━━ GIVEN DATA
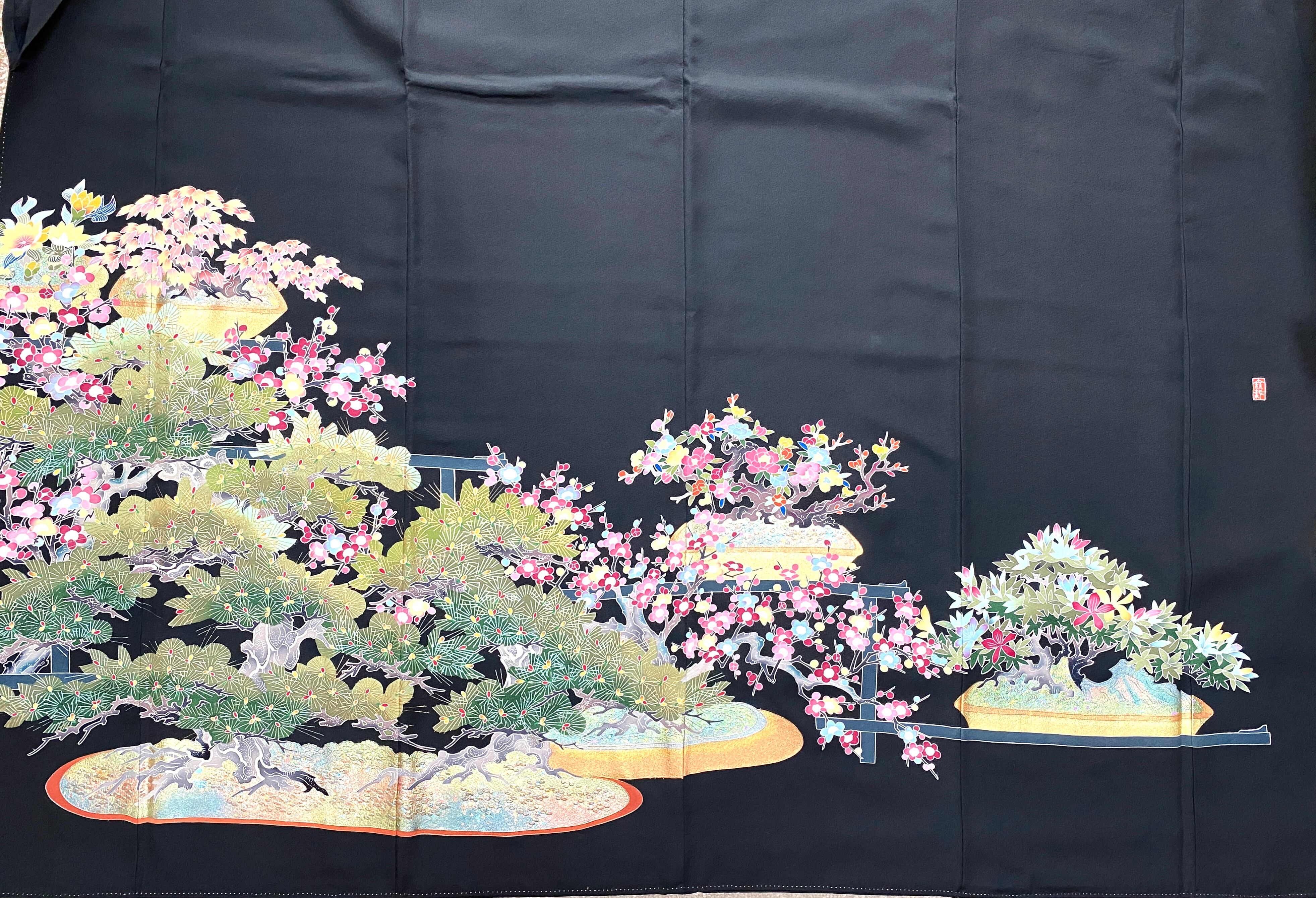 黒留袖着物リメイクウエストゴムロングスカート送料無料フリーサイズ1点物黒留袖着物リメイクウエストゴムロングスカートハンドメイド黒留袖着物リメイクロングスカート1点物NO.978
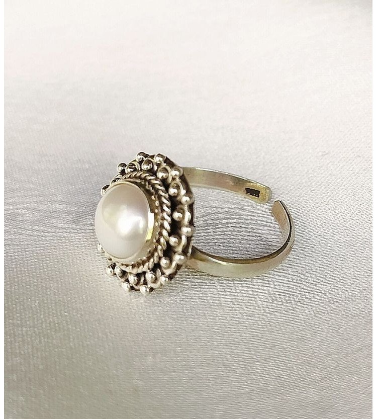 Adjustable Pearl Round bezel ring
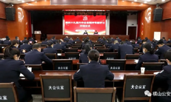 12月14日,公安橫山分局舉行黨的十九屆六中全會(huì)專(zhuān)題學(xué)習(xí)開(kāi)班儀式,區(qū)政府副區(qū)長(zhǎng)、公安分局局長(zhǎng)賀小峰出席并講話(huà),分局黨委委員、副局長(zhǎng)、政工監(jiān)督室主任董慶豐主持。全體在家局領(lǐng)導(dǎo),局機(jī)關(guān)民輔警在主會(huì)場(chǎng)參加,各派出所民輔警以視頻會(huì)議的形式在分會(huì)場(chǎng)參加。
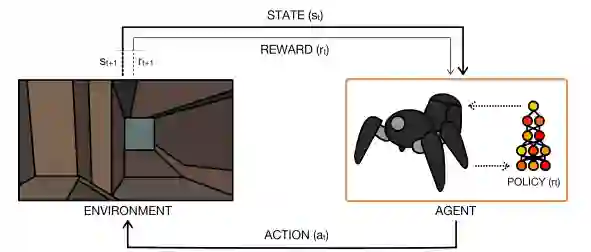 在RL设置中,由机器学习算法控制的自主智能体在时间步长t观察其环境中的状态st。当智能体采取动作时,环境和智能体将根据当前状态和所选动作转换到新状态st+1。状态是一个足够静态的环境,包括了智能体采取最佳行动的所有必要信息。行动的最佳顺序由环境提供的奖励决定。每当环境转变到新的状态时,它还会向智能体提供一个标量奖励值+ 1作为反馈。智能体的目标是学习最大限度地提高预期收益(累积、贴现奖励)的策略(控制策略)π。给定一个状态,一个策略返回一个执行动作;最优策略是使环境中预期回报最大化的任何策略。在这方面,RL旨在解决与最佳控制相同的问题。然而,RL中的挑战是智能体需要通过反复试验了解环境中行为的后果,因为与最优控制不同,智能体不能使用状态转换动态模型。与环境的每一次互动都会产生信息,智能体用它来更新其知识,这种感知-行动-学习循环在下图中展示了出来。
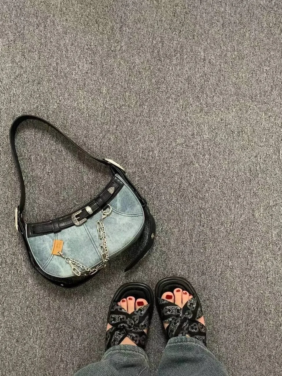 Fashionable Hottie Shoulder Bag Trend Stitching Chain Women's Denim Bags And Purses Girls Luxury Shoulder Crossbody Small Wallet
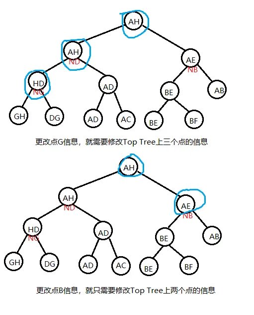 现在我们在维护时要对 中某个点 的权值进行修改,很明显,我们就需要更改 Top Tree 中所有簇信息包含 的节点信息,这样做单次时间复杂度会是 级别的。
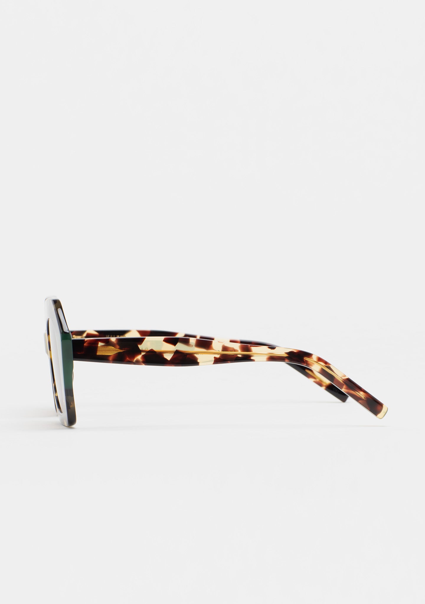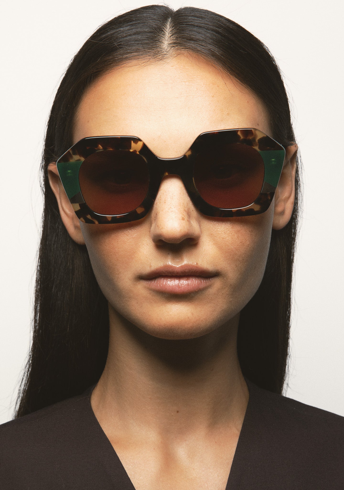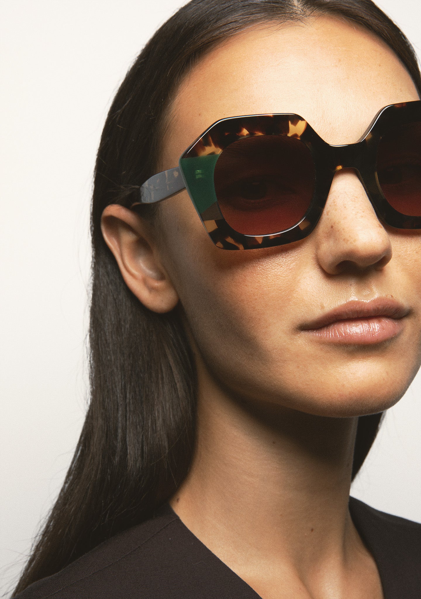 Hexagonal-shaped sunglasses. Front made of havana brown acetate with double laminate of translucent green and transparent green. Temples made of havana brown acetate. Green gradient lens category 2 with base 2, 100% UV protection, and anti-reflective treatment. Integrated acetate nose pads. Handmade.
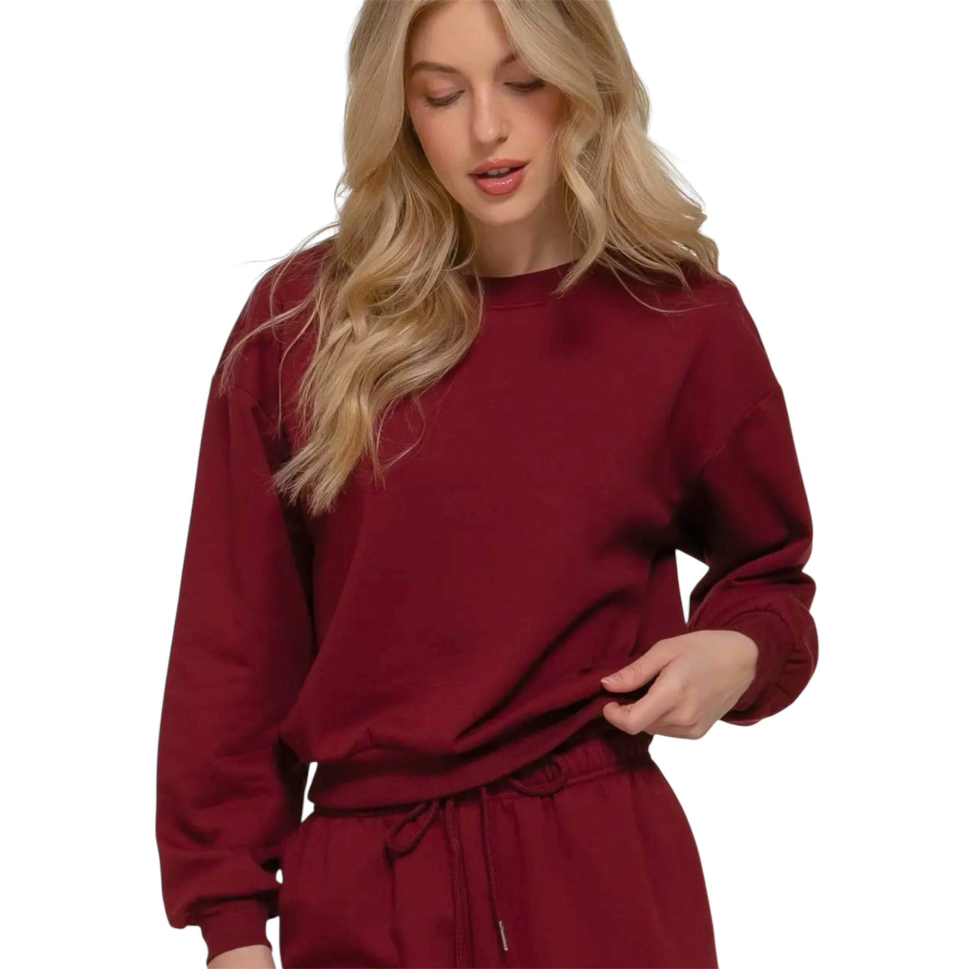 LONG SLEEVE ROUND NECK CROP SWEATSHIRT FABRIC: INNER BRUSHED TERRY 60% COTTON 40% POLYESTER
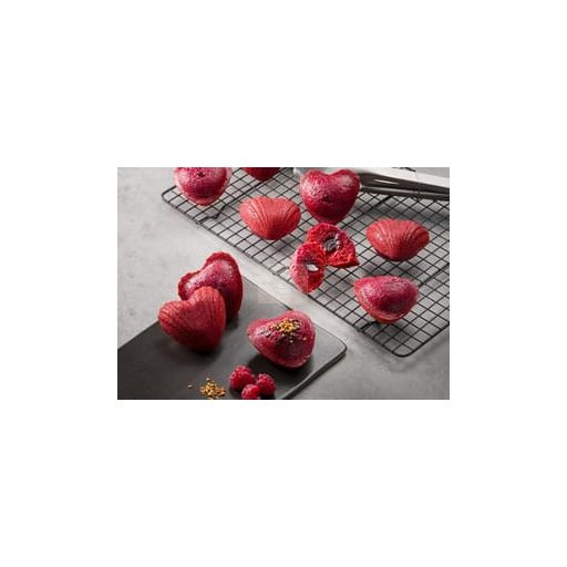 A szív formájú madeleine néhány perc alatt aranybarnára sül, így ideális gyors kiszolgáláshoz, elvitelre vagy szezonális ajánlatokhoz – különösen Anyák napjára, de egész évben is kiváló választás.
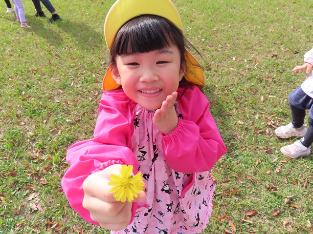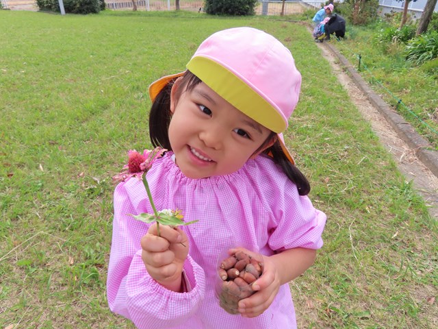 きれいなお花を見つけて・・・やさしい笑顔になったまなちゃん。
━━━━
(PROBLEM STATEMENT)
The output should be the material above, copied exactly, without its pictures.

(EXPECTED ANSWER)
 黒留袖着物リメイクウエストゴムロングスカート送料無料フリーサイズ1点物黒留袖着物リメイクウエストゴムロングスカートハンドメイド黒留袖着物リメイクロングスカート1点物NO.978
 Adjustable Pearl Round bezel ring
 12月14日,公安橫山分局舉行黨的十九屆六中全會(huì)專(zhuān)題學(xué)習(xí)開(kāi)班儀式,區(qū)政府副區(qū)長(zhǎng)、公安分局局長(zhǎng)賀小峰出席并講話(huà),分局黨委委員、副局長(zhǎng)、政工監(jiān)督室主任董慶豐主持。全體在家局領(lǐng)導(dǎo),局機(jī)關(guān)民輔警在主會(huì)場(chǎng)參加,各派出所民輔警以視頻會(huì)議的形式在分會(huì)場(chǎng)參加。
 在RL设置中,由机器学习算法控制的自主智能体在时间步长t观察其环境中的状态st。当智能体采取动作时,环境和智能体将根据当前状态和所选动作转换到新状态st+1。状态是一个足够静态的环境,包括了智能体采取最佳行动的所有必要信息。行动的最佳顺序由环境提供的奖励决定。每当环境转变到新的状态时,它还会向智能体提供一个标量奖励值+ 1作为反馈。智能体的目标是学习最大限度地提高预期收益(累积、贴现奖励)的策略(控制策略)π。给定一个状态,一个策略返回一个执行动作;最优策略是使环境中预期回报最大化的任何策略。在这方面,RL旨在解决与最佳控制相同的问题。然而,RL中的挑战是智能体需要通过反复试验了解环境中行为的后果,因为与最优控制不同,智能体不能使用状态转换动态模型。与环境的每一次互动都会产生信息,智能体用它来更新其知识,这种感知-行动-学习循环在下图中展示了出来。
 Fashionable Hottie Shoulder Bag Trend Stitching Chain Women's Denim Bags And Purses Girls Luxury Shoulder Crossbody Small Wallet
 现在我们在维护时要对 中某个点 的权值进行修改,很明显,我们就需要更改 Top Tree 中所有簇信息包含 的节点信息,这样做单次时间复杂度会是 级别的。
 Hexagonal-shaped sunglasses. Front made of havana brown acetate with double laminate of translucent green and transparent green. Temples made of havana brown acetate. Green gradient lens category 2 with base 2, 100% UV protection, and anti-reflective treatment. Integrated acetate nose pads. Handmade.
 LONG SLEEVE ROUND NECK CROP SWEATSHIRT FABRIC: INNER BRUSHED TERRY 60% COTTON 40% POLYESTER
 A szív formájú madeleine néhány perc alatt aranybarnára sül, így ideális gyors kiszolgáláshoz, elvitelre vagy szezonális ajánlatokhoz – különösen Anyák napjára, de egész évben is kiváló választás.
 きれいなお花を見つけて・・・やさしい笑顔になったまなちゃん。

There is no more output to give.